El autor inglés hace un análisis histórico-social de como los cambios en la música, las canciones y el baile del rave se relacionan con la experiencia (la mayoría de las veces traumática) de los jóvenes con el Éxtasis, de ahí que plantee, por ejemplo, que "Hacia la mitad del año 1992, las happy canciones raveras estaban siendo eclipsadas por los temas más oscuros, un estilo que apareció para reflejar precisamente tales costes: efectos secundarios a largo plazo del Éxtasis, marihuana y anfetaminas: depresión, paranoia, disociación y sensaciones horripilantes de lo desconocido" (p. 38, el subrayado es mío). La palabra por mí subrayada, "refleja", habla a las claras del tipo de relación que Reynolds cree conecta a la música con el actor social que la practica. Los cambios que se producen hacia finales de 1992 en la música en sí misma (su remasculinización) y el baile (su evolución hacia una música de tensión sin relajamiento), también "reflejarían", según Reynolds, la experiencia de los jóvenes raveros con los efectos de largo plazo del Éxtasis: "La evolución del harcore hacia el darkcore y hacia el jungle reflejaba la realidad farmacológica de la subcultura de finales de 1992 y principios de 1993" (p. 41, el subrayado es mío).

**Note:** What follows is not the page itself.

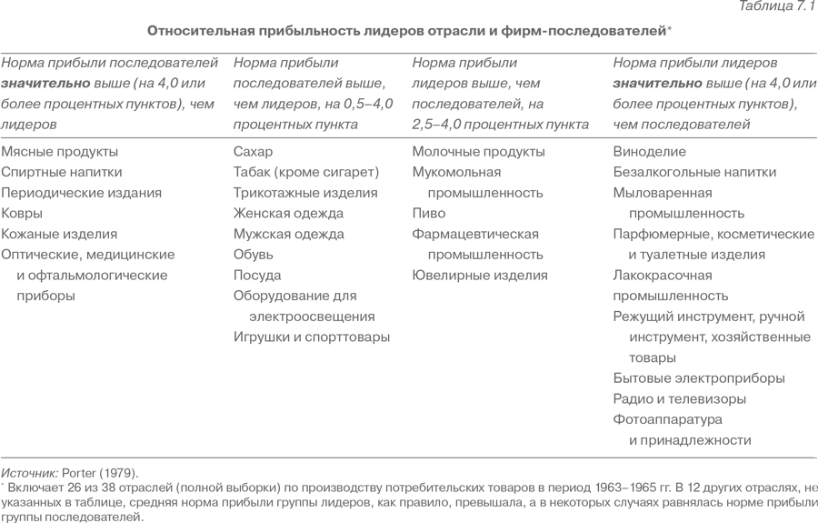 Эмпирические данные свидетельствуют о том, что соотношение между прибыльностью фирм, имеющих различную долю рынка, зависит от условий в отрасли. В табл. 7.1 представлены сравнительные показатели нормы прибыли на акционерный капитал крупнейших фирм, на долю которых приходится не менее 30 % объема продаж в отрасли (лидеров), и средних по масштабам фирм той же отрасли (последователей). В этих расчетах мелкие фирмы с активами менее 500 тыс. долл. были исключены. Несмотря на то что некоторые из представленных отраслей определяются весьма широко, поразительным является тот факт, что в 15 из 38 отраслей последователи были заметно более прибыльны, чем лидеры. Норма прибыли последователей, как правило, оказывается выше в тех отраслях, где экономия на масштабе либо незначительна, либо отсутствует (одежда, обувь, посуда, мясные продукты, ковры) и/или которые характеризуются высокой степенью сегментации (оптика, медицинские и офтальмологические приборы, спиртные напитки, периодические издания, ковры, игрушки и спортивные товары). Норма прибыли лидеров, как правило, выше в отраслях с интенсивным использованием рекламы (мыло, парфюмерия, безалкогольные напитки, мукомольная промышленность, в том числе хлебные изделия, режущий инструмент) и/или с масштабными исследованиями и разработками и экономией на масштабе в производстве (радио и телевизионные приемники, фармацевтика, фотоаппаратура). Эти данные соответствуют нашим ожиданиям.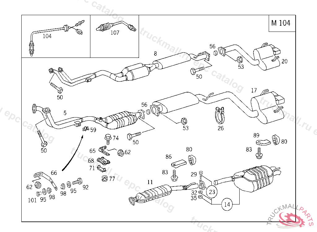 CATALYST FRONT C 36 AMG, A 436535 F 483847 EXCEPT CODE 807 ALSO INSTALLED IN VEHICLE FROM A 436536, F 483848 WITH CODE 806 PART IS ONLY OR ALSO SUPPLIED AS RECONDITIONED PART

Y la relación homológica que Reynolds cree encontrar entre la subcultura y la música va un paso más allá, ya que el autor inglés llega a plantear la existencia de un cierto "determinismo químico" que ligaría a la droga con la cultura ravera: "Estoy convencido de que los aspectos intransitivos, de ir a ninguna parte, de la cultura ravera se encuentran casi químicamente programados en la droga" (p. 42). Sin embargo, una vez planteado esto, un par de páginas más adelante, Reynolds propone algo bastante más complejo: "Grossberg señala que 'en vez de bailar la música que te gusta, te gusta la música que bailas'. Yo añadiría que 'te gusta la música con la que te puedes drogar', la música que intensifica mejor los efectos químicos" (p. 44). Y digo algo mucho más complejo porque por primera vez en el texto el autor abre la posibilidad de un ida y vuelta entre la música y la identidad de los actores raveros, que antes parecía un camino sólo de ida entre una identidad ya estructurada y la música que la reflejaba.

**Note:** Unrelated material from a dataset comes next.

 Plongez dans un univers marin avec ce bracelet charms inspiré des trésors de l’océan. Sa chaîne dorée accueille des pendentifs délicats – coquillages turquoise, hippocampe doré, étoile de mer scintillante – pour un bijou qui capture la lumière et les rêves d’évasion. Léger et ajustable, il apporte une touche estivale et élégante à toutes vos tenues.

Por último Reynolds reclama un lugar diferente desde donde entender la cultura y la música rave, ya que, según él, "Las técnicas interpretativas derivadas de la Crítica Literaria o de los Estudios Sociales tienen poco que hacer con esta música, que es todo superficie, una panoplia de zonas erógenas o erotomísticas" (p. 48). Este reclamo es más que interesante, dado que Reynolds es bastante "clásico" en su análisis subculturalista de la escena ravera, permitiéndose pocas libertades en relación a la férrea relación "efectos de la droga/subcultura juvenil/música rave" que permea casi todo el texto.

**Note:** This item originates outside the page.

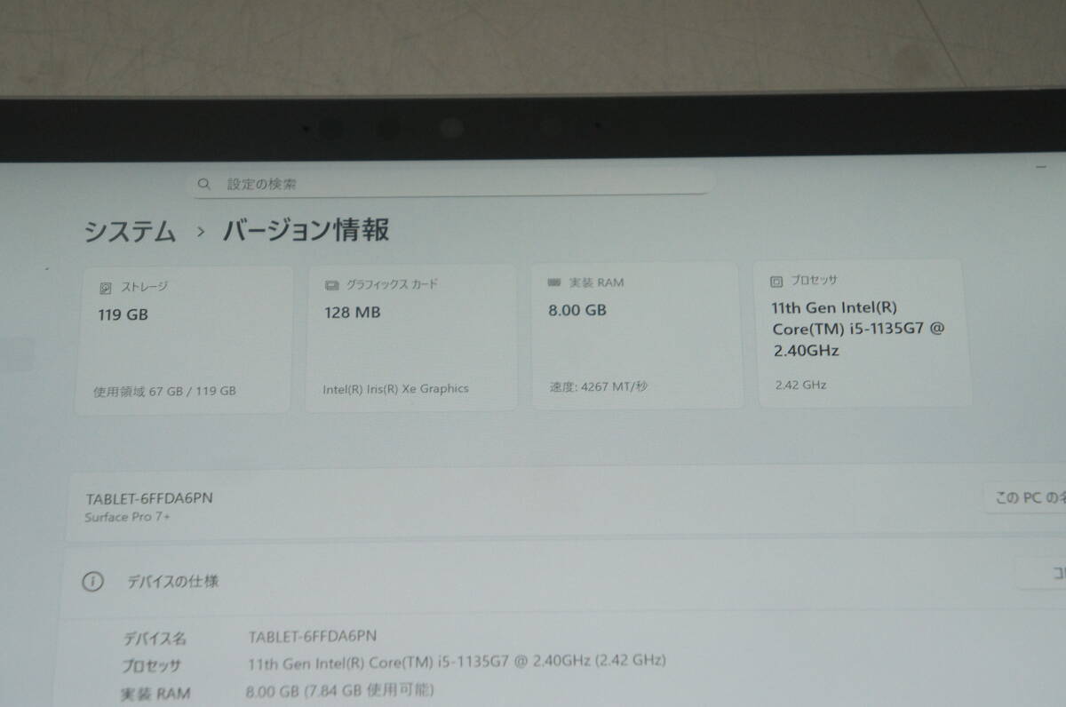 | 中古 Win11 Pro 第11世代 Microsoft Surface Pro 7+ 1N9-00013 12.3 2736×1824 /i5 1135G7/8GB/SSD128GB (5) | |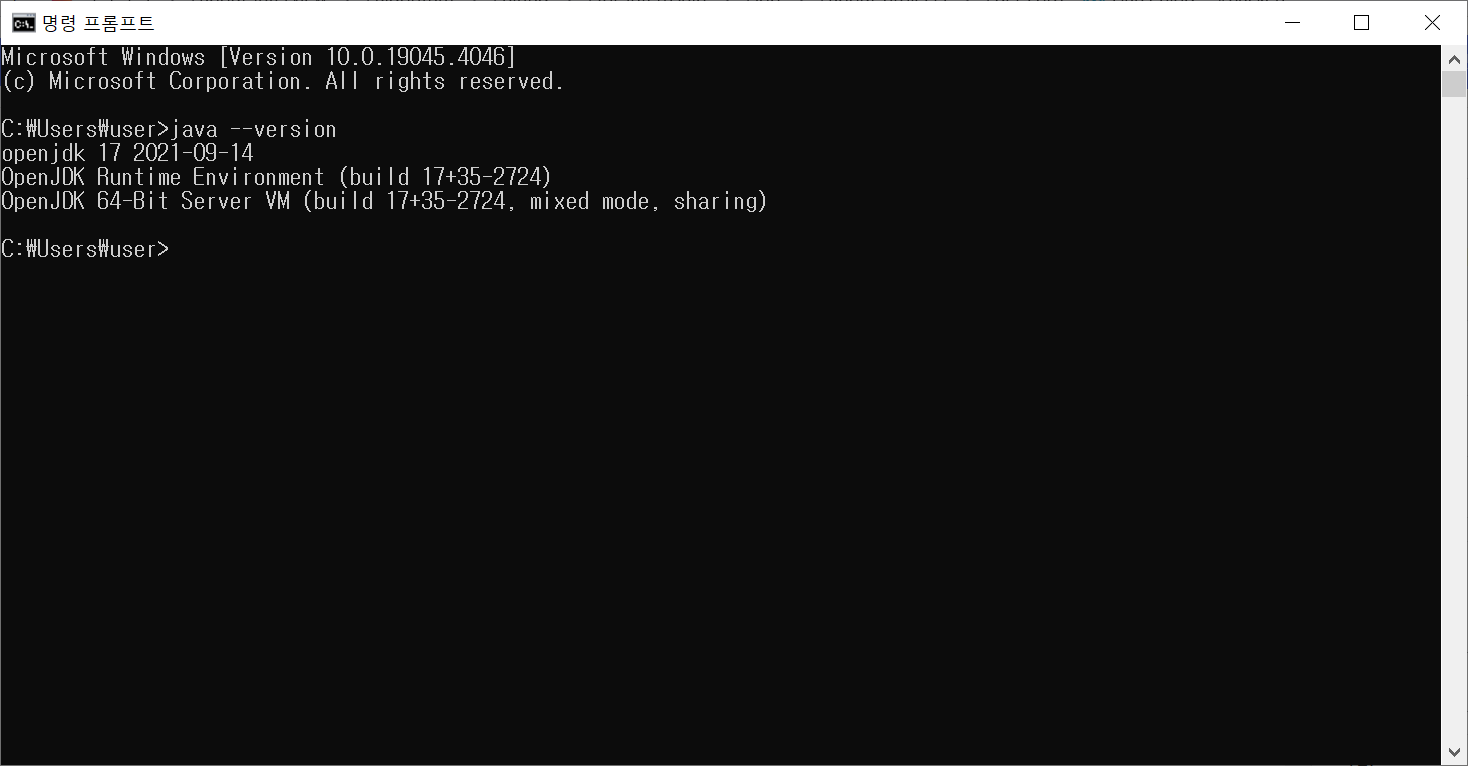 4. cmd에서 java 버전을 확인할 수 있다면 성공입니다.

No obstante mi crítica estamos en presencia de un magnífico artículo que muestra bastante bien (aunque unidireccionalmente) la relación que existe entre la clase obrera inglesa consumidora de Éxtasis y la música de rave. Un artículo que plantea hipótesis más que interesantes para futuras investigaciones, como cuando Reynolds escribe que "el rave es una especie de fase de acostumbramiento a la realidad virtual. Adapta el sistema nervioso, acelerando el aparato perceptivo, haciendo evolucionar la subjetividad post-humana que necesita y que engendra la tecnología digital" (p. 45).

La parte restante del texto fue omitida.